◆ MATERIAL PROVIDED:
┌──
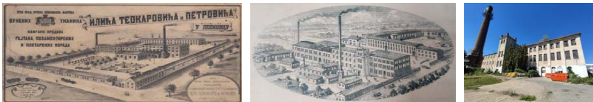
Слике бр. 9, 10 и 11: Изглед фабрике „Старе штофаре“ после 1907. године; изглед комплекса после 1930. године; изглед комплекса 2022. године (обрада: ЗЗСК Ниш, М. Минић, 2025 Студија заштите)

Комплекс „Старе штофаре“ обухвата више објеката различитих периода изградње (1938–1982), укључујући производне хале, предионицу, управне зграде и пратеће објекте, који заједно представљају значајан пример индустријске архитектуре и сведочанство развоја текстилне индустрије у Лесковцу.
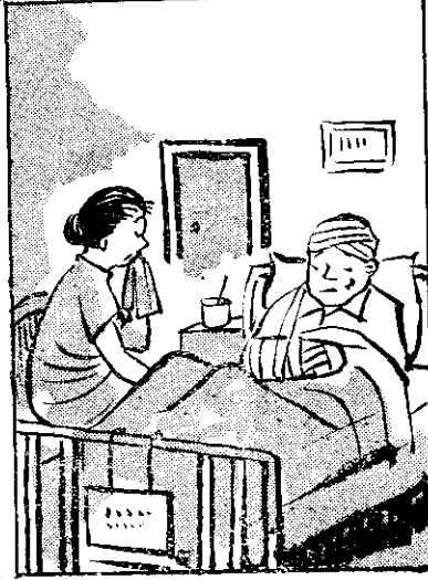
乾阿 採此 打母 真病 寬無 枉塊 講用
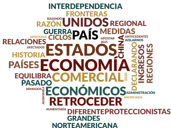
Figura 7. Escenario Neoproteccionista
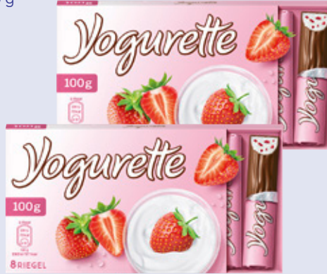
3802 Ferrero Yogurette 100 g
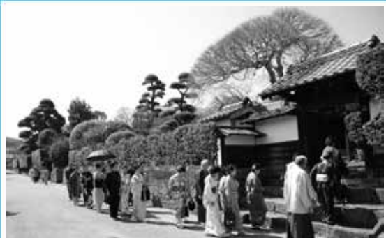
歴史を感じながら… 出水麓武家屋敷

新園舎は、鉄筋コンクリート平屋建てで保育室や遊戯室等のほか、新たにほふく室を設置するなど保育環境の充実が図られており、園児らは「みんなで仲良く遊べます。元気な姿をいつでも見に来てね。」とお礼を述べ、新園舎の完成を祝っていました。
└──
┌──
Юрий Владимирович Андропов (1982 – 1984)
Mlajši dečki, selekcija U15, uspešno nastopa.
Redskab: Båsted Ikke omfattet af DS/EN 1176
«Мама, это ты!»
└──
┌──
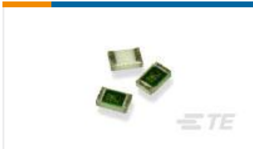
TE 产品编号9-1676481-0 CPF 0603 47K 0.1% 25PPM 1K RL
└──
◆ REQUIREMENT:
What you return from the records above should be exactly everything from the line with "Слике бр. 9, 10" down to the line with "新園舎は、鉄筋コンクリート平", both kept, and no pictures.

◆ TASK SOLUTION:
Слике бр. 9, 10 и 11: Изглед фабрике „Старе штофаре“ после 1907. године; изглед комплекса после 1930. године; изглед комплекса 2022. године (обрада: ЗЗСК Ниш, М. Минић, 2025 Студија заштите)

Комплекс „Старе штофаре“ обухвата више објеката различитих периода изградње (1938–1982), укључујући производне хале, предионицу, управне зграде и пратеће објекте, који заједно представљају значајан пример индустријске архитектуре и сведочанство развоја текстилне индустрије у Лесковцу.
乾阿 採此 打母 真病 寬無 枉塊 講用
Figura 7. Escenario Neoproteccionista
3802 Ferrero Yogurette 100 g
歴史を感じながら… 出水麓武家屋敷

新園舎は、鉄筋コンクリート平屋建てで保育室や遊戯室等のほか、新たにほふく室を設置するなど保育環境の充実が図られており、園児らは「みんなで仲良く遊べます。元気な姿をいつでも見に来てね。」とお礼を述べ、新園舎の完成を祝っていました。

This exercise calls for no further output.